Create a providers table in the DB
Create CRUD endpoints for providers:
- POST /providers: Register a new SQLAlchemyProvider, and create a conceptscheme for it as well unless a conceptscheme_id is provided.
- PUT /providers/{id}: Update a configured provider
- DELETE /providers/{id}: Delete a configured provider. Main question is, does this delete the conceptscheme and all concepts as well? Makes it a very dangerous operation.
Update https://github.com/OnroerendErfgoed/atramhasis/blob/develop/atramhasis/skos/__init__.py#L22 to read the configured providers from the DB

Creating a provider, immediately creates a conceptscheme as well. Changing the conceptscheme_id once it's been set is impossible.

Payload for a creating a SQLAlchemyprovider:

{
   'id': 'ERFGOEDTYPES', // string, required on edit, if not set on create will be equal to the id of the created conceptscheme, passes to provider.metadata.id
   'conceptscheme_uri': 'https://id.erfgoed.net/thesauri/conceptschemes' // string, required on create, will be used to create the conceptscheme, will be ignored on edit and is immutable once created (unless edited in database for people who really know what they're doing)
   'uri_pattern': 'https://id.erfgoed.net/thesauri/erfgoedtypes/%s', // string, required, needs to contain one %s, will be passed to a UriPatternGenerator at provider.uri_generator, should be not be changed once concepts have been created unless you really know what you're doing, perhaps add a warning in the UI
   'default_language': 'nl-BE', // string, not required, if not present or None don't pass to provider, if present must be exactly one IANA language string, passes to provider.metadata.default_language
   'subject': [], // list of strings, not required, if not present or None don't pass to provider, if present must be a list of strings, only valid value at the moment is 'hidden'
   'force_display_language: None, // string, not required, if not present or None don't pass to provider, if present must be exactly one IANA language string, , passes to provider.metadata.atramhasis.force_display_language,
   'id_generation_strategy: 'numeric, // string, not required, if not present or None don't pass to provider, if present must be one of numeric, guid or manual, passes to provider.metadata.atramhasis.id_generation_strategy,
}

In the DB this will require a table provider with the fields:

id, string, PK
conceptscheme_id, integer, required, FK to conceptscheme.id
uri_pattern, string, required
default_language: string, not required
subject: either a list serialised as string or something like an array, not required
force_display_language: string, not required
id_generation_strategy: string, not required or required and defaults to numeric

An alternative would be to have a table with an id field and put some or all of the config in a JSON field to make it easy to extend the configuration. Might work well since we don't really need to query for providers having language X or strategy Y. Maybe we'd query for providers with subject hidden, but I don't think so. And the number of providers in one instance is generally small, so reading them one by one is not a big deal. So, open to suggestions. If we do add the dataset attribute back in (see further down) I do expect that to be a JSON field.

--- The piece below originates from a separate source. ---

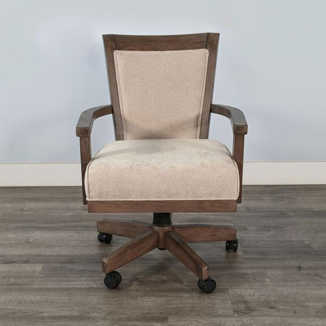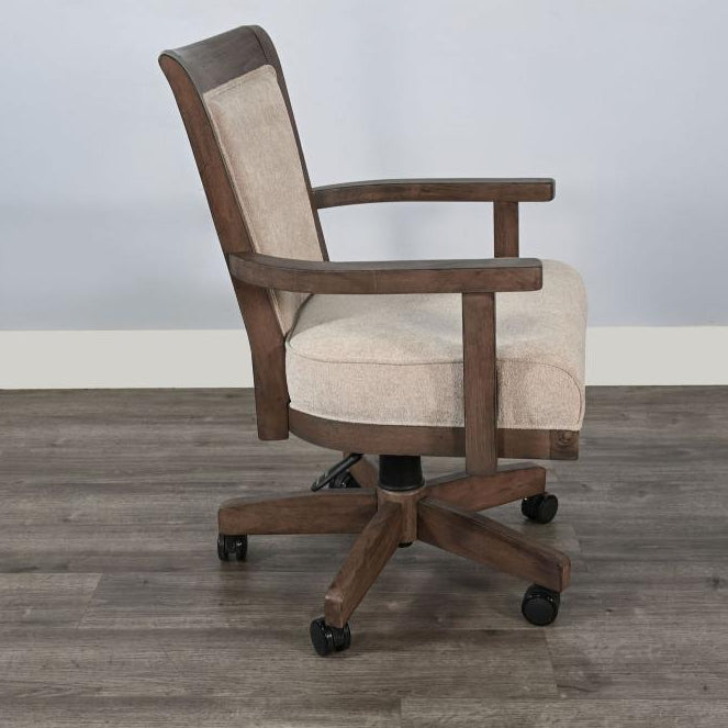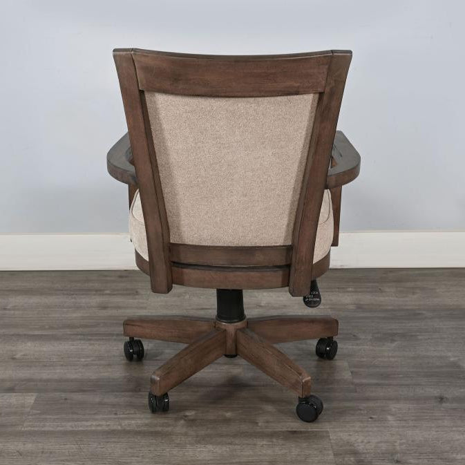 Made from durable rough-sawn mahogany solids and veneers, the Doe Valley Game Chair with Casters combines strength and style. With its traditional design, this chair features a five-star base with casters for easy movement. The chair is upholstered in a soft beige fabric that adds a touch of elegance to any room. It offers a tilt and lift function, allowing you to adjust the seat from 20 to 24 inches high, ensuring maximum comfort for long gaming or leisure sessions. Enhance your space with this adaptable chair that brings both functionality and comfort to your home.

So, to create a new provider, the smallest POST possible is:

{
  'conceptscheme_uri': https://id.erfgoed.net/thesauri/conceptschemes',
  'uri_pattern': 'https://id.erfgoed.net/thesauri/erfgoedtypes/%s'
}

In this case a new provider will be created, the id of the provider will be set to the DB id of the created conceptscheme (cast to a string), a urigenerator will be initialised and a conceptscheme will be created with the provided uri.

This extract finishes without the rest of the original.